## Data items
▼

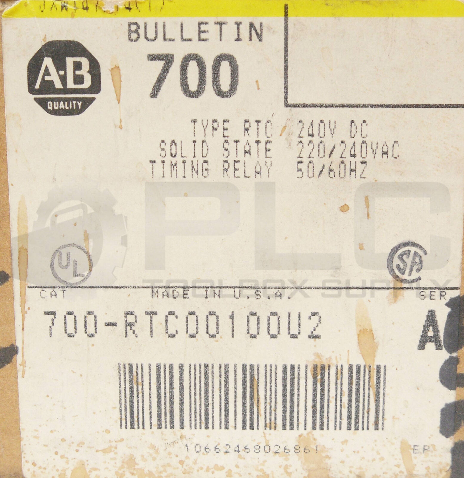 • NEW ALLEN BRADLEY 700-RTC00100U2 SER A TIMING RELAY SOILD STATE 220/240V 50/60HZ
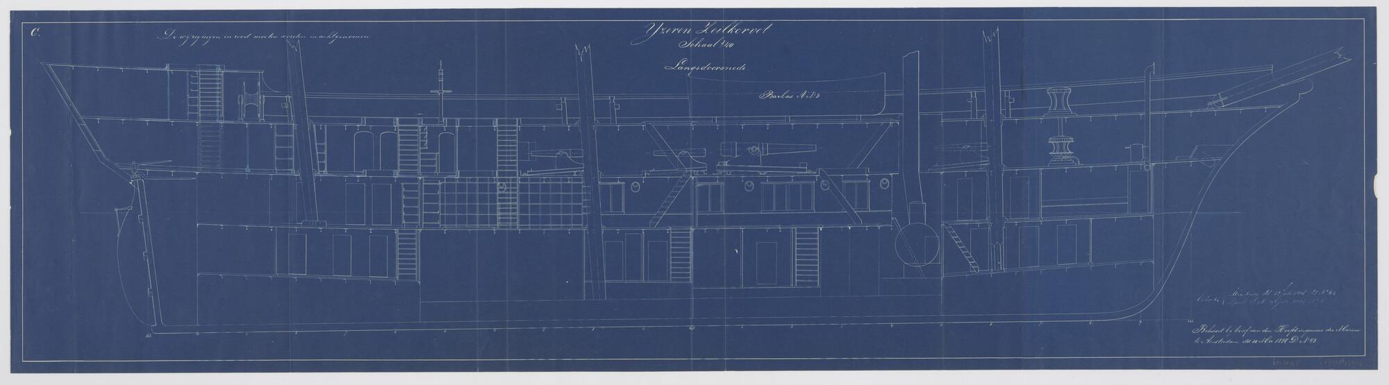 Langsdoorsnede van het instructieschip, het ijzeren zeilkorvet Zr.Ms. 'Nautilus'. Drie masten ; boegspriet ; kampanje ; bovendek ; kuildek met bewapening ; tussendek ; koebrugdek vooruit en achteruit ; kaapstander ; barkas A3 ; stuurinrichting ; roer ; ladders ; ketelruim met hulpketels ; schoorsteen ; ventilatiekokers (schaal 1:40).
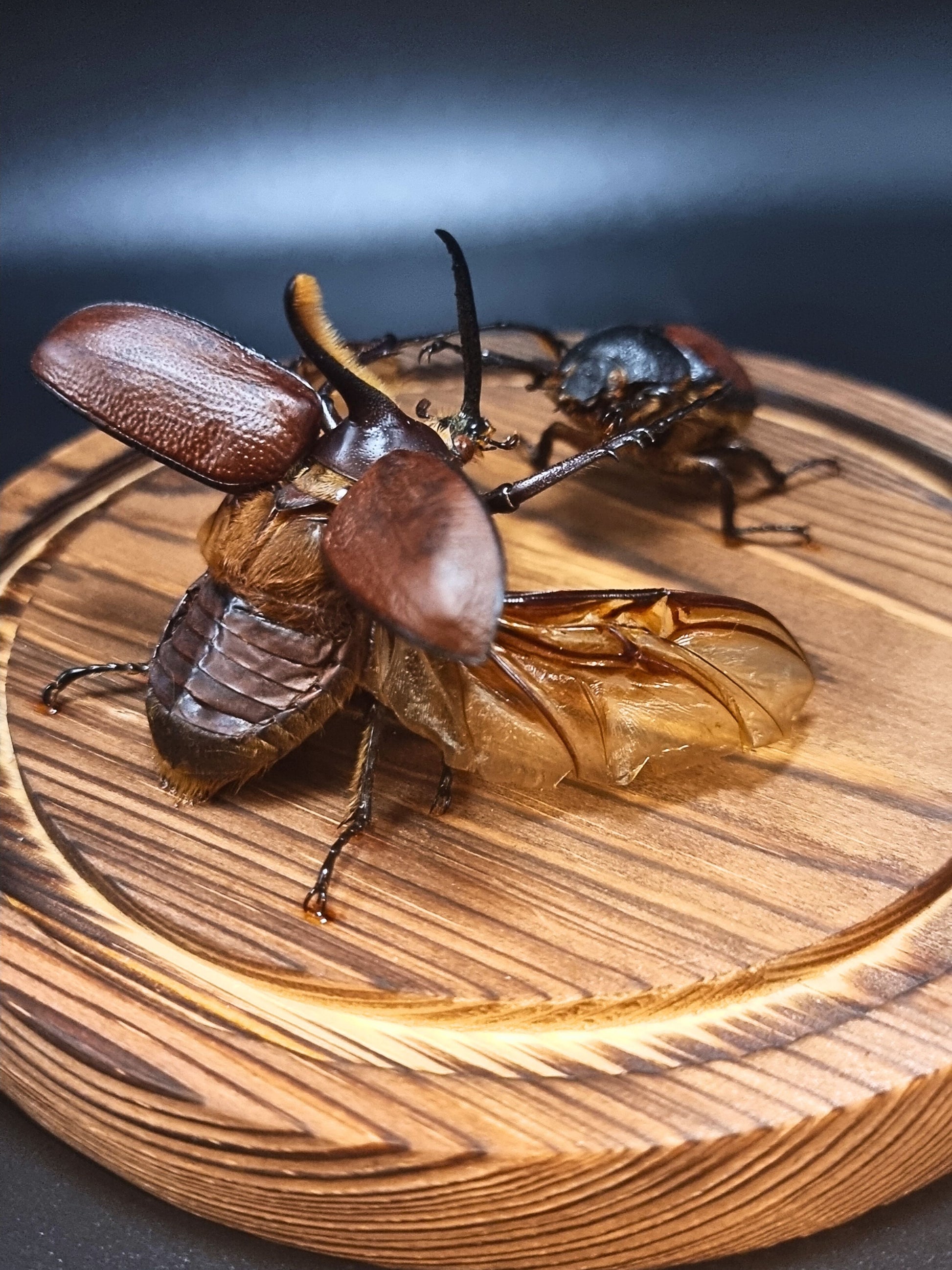 Real preserved male and female pair of Golofa Aecus beetles of the Dynastidae family, more commonly known as rhino beetles. These Peruvian beetles spend most of their lives in trees, from a larvae stage housed in decaying wood to an adult spending the nights feeding on sap and fruits. This pair has been pinned and positioned to be reaching out towards each other while the males wings have also been extended. Both beetles have been degreased and are mounted by their abdomen and legs.
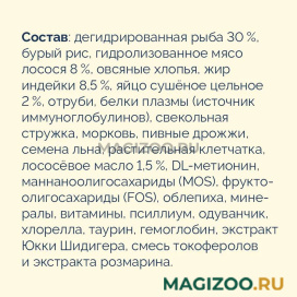 Дегидрированная рыба – 30 %, бурый рис, гидролизованное мясо лосося - 8 %, овсяные хлопья, жир индейки - 8,5 %, яйцо сушеное цельное - 2 %, отруби, белки плазмы (источник иммуноглобулинов), свекольная стружка, морковь, пивные дрожжи, семена льна, растительная клетчатка, лососевое масло - 1,5 %, DL-метионин, маннаноолигосахариды (MOS), фруктоолигосахариды (FOS), облепиха, минералы, витамины, псиллиум, одуванчик, хлорелла, таурин, гемоглобин, экстракт юкки Шидигера, смесь токоферолов и экстракта розмарина.
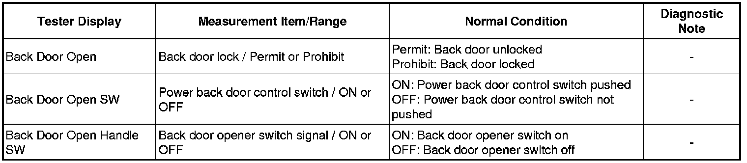 (d) Enter the following menus: Body / Back Door / Data List.
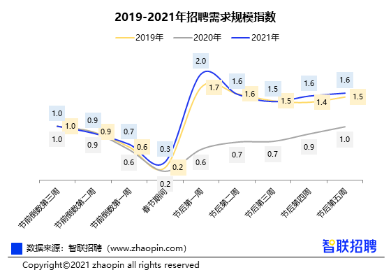 [3]需求规模指数均以当年节前倒数第三周招聘职位数为基数(1),反映逐周招聘规模走势,大于(小于)1代表当周招聘职位数大于(小于)节前倒数第三周。
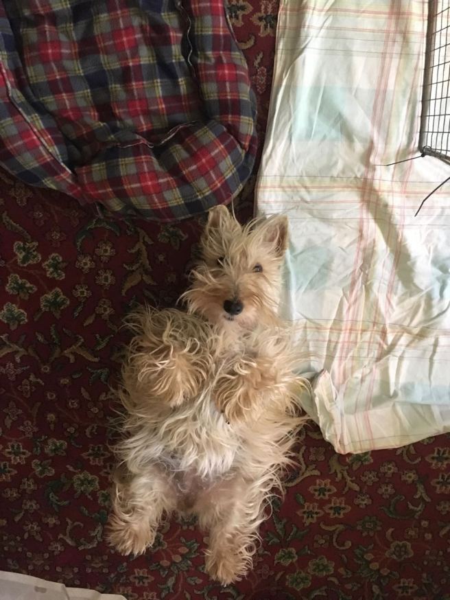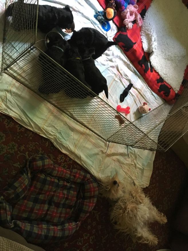 Skimming through the Photo’s library, we came across this photo, which made us smile – There’s Alba on her back trying to attract the attention of the puppies who are not interested at all ….. well of course they wouldn’t be, there’s food to be eaten !!
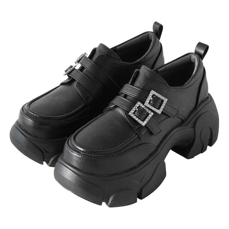 厚底とまあるいトゥやきらきらビジューバックルの
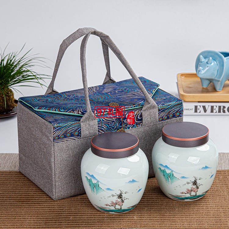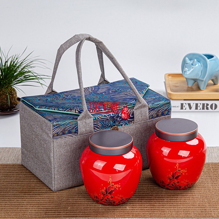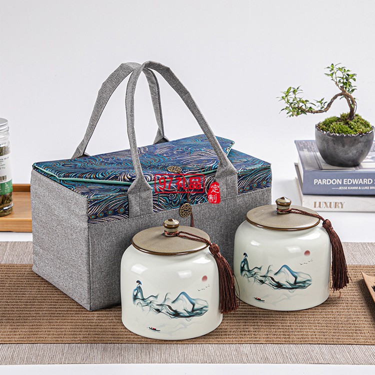半斤裝紅茶綠茶便攜手工刺繡布包茶葉包裝盒禮盒
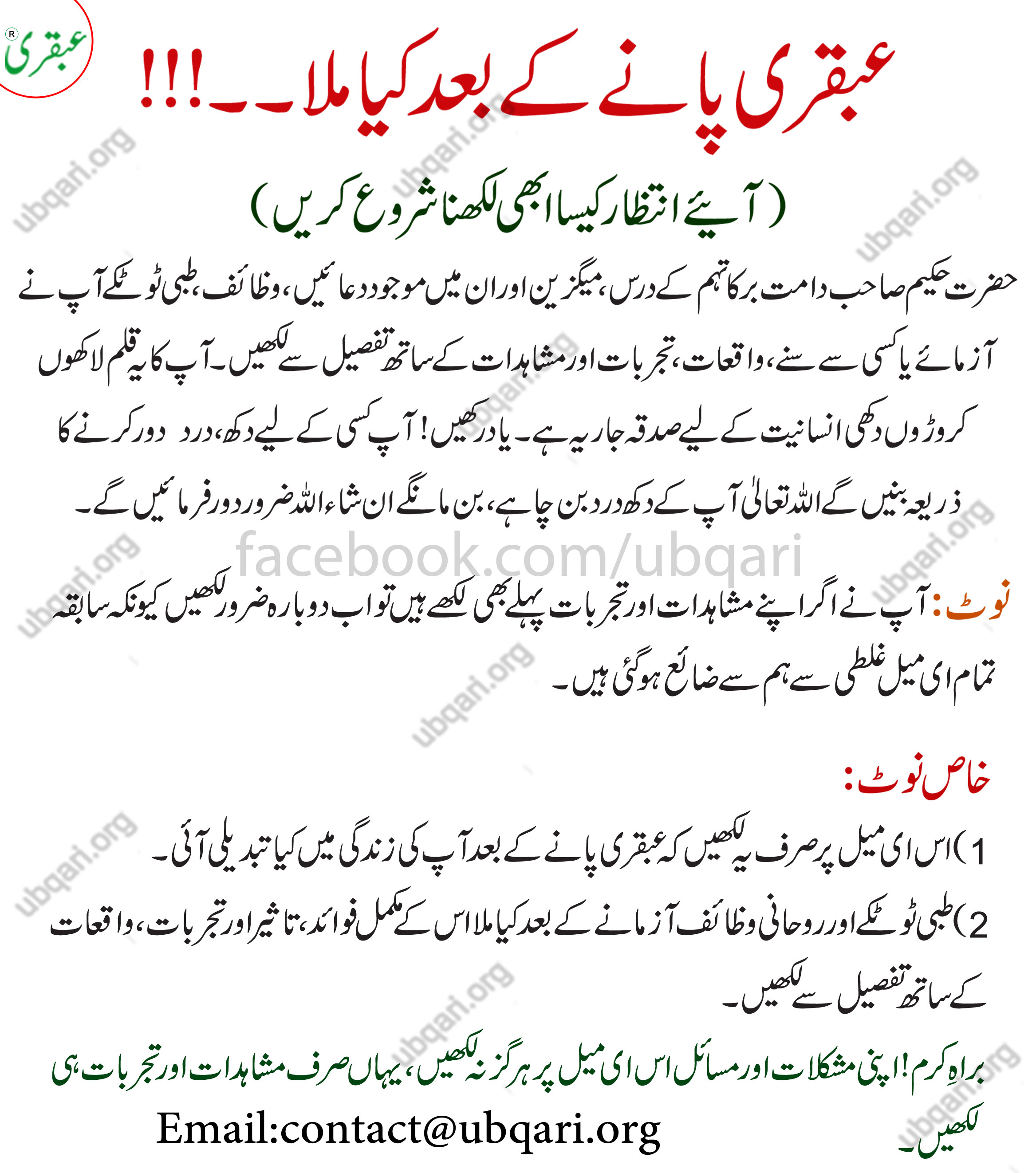 1) اس ای میل پرصرف یہ لکھیں کہ عبقری پانے کے بعد آپ کی زندگی میں کیا تبدیلی آئی۔
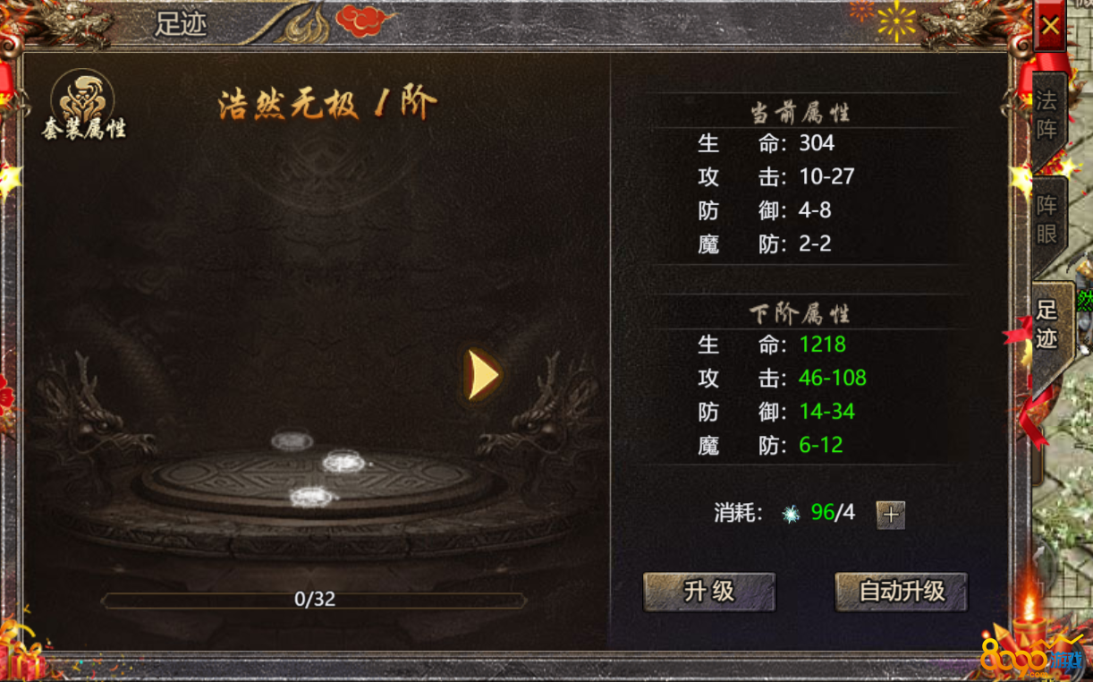 1、开服130天后,玩家可消耗足迹之灵,升级足迹系统
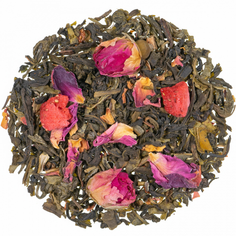 Zutaten:Grüntee China Ming Mee, -Wu Lu, -Gunpowder, Aroma, Rosenblütenblätter, Rosenknospen, Erdbeerstücke
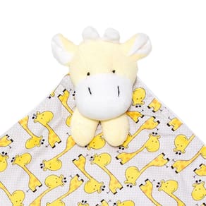 Naninha Malha e Tricoline com Prendedor de Chupeta Girafa Amarelo e Cinza
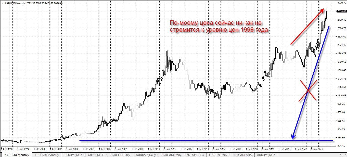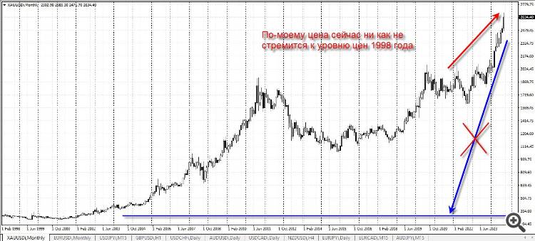 Если бы текущая цена всегда стремилась к цене открытия, то мы получили бы длиннючий горизонтальный коридор, и при этом тело свеч стремилось бы к доджам. Тренд ап и тренд даун отсутствовали бы вне теней свечи. То есть мы имели бы только микротренды. Однако, откроем месячный график того же Золота. Ответьте мне на вопрос, цена на золото сейчас стремится к ценам на золото, которые были в 1998 году?

▲

## Task prompt
Quote the data above in full and without alteration; skip the pictures.

## Response for this exercise
 • NEW ALLEN BRADLEY 700-RTC00100U2 SER A TIMING RELAY SOILD STATE 220/240V 50/60HZ
 Langsdoorsnede van het instructieschip, het ijzeren zeilkorvet Zr.Ms. 'Nautilus'. Drie masten ; boegspriet ; kampanje ; bovendek ; kuildek met bewapening ; tussendek ; koebrugdek vooruit en achteruit ; kaapstander ; barkas A3 ; stuurinrichting ; roer ; ladders ; ketelruim met hulpketels ; schoorsteen ; ventilatiekokers (schaal 1:40).
 Real preserved male and female pair of Golofa Aecus beetles of the Dynastidae family, more commonly known as rhino beetles. These Peruvian beetles spend most of their lives in trees, from a larvae stage housed in decaying wood to an adult spending the nights feeding on sap and fruits. This pair has been pinned and positioned to be reaching out towards each other while the males wings have also been extended. Both beetles have been degreased and are mounted by their abdomen and legs.
 Дегидрированная рыба – 30 %, бурый рис, гидролизованное мясо лосося - 8 %, овсяные хлопья, жир индейки - 8,5 %, яйцо сушеное цельное - 2 %, отруби, белки плазмы (источник иммуноглобулинов), свекольная стружка, морковь, пивные дрожжи, семена льна, растительная клетчатка, лососевое масло - 1,5 %, DL-метионин, маннаноолигосахариды (MOS), фруктоолигосахариды (FOS), облепиха, минералы, витамины, псиллиум, одуванчик, хлорелла, таурин, гемоглобин, экстракт юкки Шидигера, смесь токоферолов и экстракта розмарина.
 (d) Enter the following menus: Body / Back Door / Data List.
 [3]需求规模指数均以当年节前倒数第三周招聘职位数为基数(1),反映逐周招聘规模走势,大于(小于)1代表当周招聘职位数大于(小于)节前倒数第三周。
 Skimming through the Photo’s library, we came across this photo, which made us smile – There’s Alba on her back trying to attract the attention of the puppies who are not interested at all ….. well of course they wouldn’t be, there’s food to be eaten !!
 厚底とまあるいトゥやきらきらビジューバックルの
半斤裝紅茶綠茶便攜手工刺繡布包茶葉包裝盒禮盒
 1) اس ای میل پرصرف یہ لکھیں کہ عبقری پانے کے بعد آپ کی زندگی میں کیا تبدیلی آئی۔
 1、开服130天后,玩家可消耗足迹之灵,升级足迹系统
 Zutaten:Grüntee China Ming Mee, -Wu Lu, -Gunpowder, Aroma, Rosenblütenblätter, Rosenknospen, Erdbeerstücke
 Naninha Malha e Tricoline com Prendedor de Chupeta Girafa Amarelo e Cinza
 Если бы текущая цена всегда стремилась к цене открытия, то мы получили бы длиннючий горизонтальный коридор, и при этом тело свеч стремилось бы к доджам. Тренд ап и тренд даун отсутствовали бы вне теней свечи. То есть мы имели бы только микротренды. Однако, откроем месячный график того же Золота. Ответьте мне на вопрос, цена на золото сейчас стремится к ценам на золото, которые были в 1998 году?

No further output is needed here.